Problem description: Any picture in the data below gets skipped; print all the rest exactly.

Dataset content below:

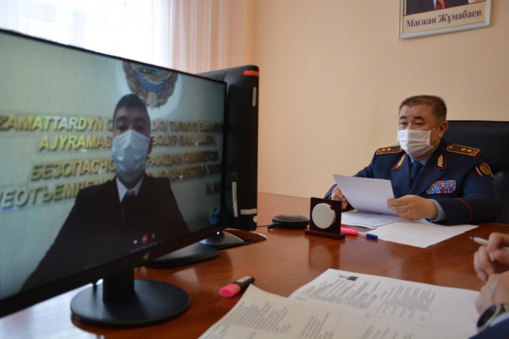 После министр направился в Северо-Казахстанскую область, где ознакомился с работой Центра оперативного управления, Центра кинологической службы и кавалерийского отделения.
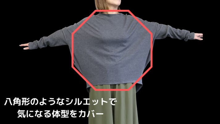 - 8角形のビッグシルエットなのに上品にみえてドレープデザインで体型カバー
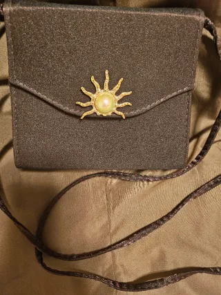 Bolso pequeño de mano o para llevar cruzado, con un diseño encantadorMEDIDAS: 13X 16 X 8cm fondo - Color marrón con detalle dorado precioso e único - Adorno de sol con perla central. - Correa para llevarlo cruzado u hombro o en la mano escondiendo la correita de la misma tela ■● NO NEGOCIO■●
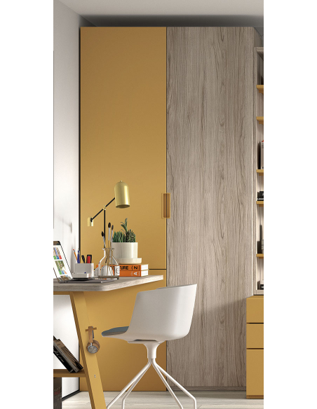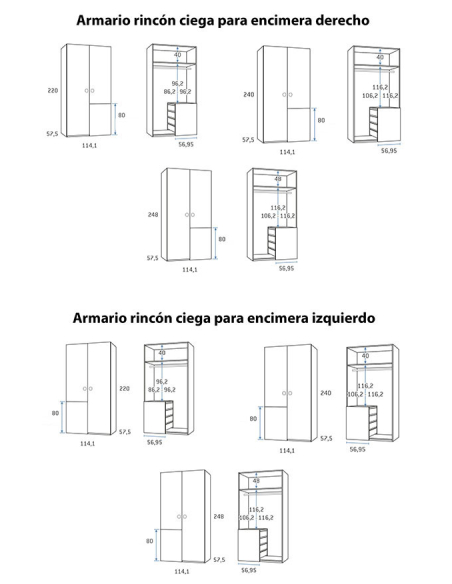 Armario juvenil de rincón con parte ciega para colocar encimera, disponible en medida de 114,1 cm, y tres alturas, 220, 240 y 248 cm, combinables entre sí. Echa un vistazo a los acabados para las puertas y combínalo con el acabado que más te guste.

End of Dataset content.

Problem solution:
 После министр направился в Северо-Казахстанскую область, где ознакомился с работой Центра оперативного управления, Центра кинологической службы и кавалерийского отделения.
 - 8角形のビッグシルエットなのに上品にみえてドレープデザインで体型カバー
 Bolso pequeño de mano o para llevar cruzado, con un diseño encantadorMEDIDAS: 13X 16 X 8cm fondo - Color marrón con detalle dorado precioso e único - Adorno de sol con perla central. - Correa para llevarlo cruzado u hombro o en la mano escondiendo la correita de la misma tela ■● NO NEGOCIO■●
 Armario juvenil de rincón con parte ciega para colocar encimera, disponible en medida de 114,1 cm, y tres alturas, 220, 240 y 248 cm, combinables entre sí. Echa un vistazo a los acabados para las puertas y combínalo con el acabado que más te guste.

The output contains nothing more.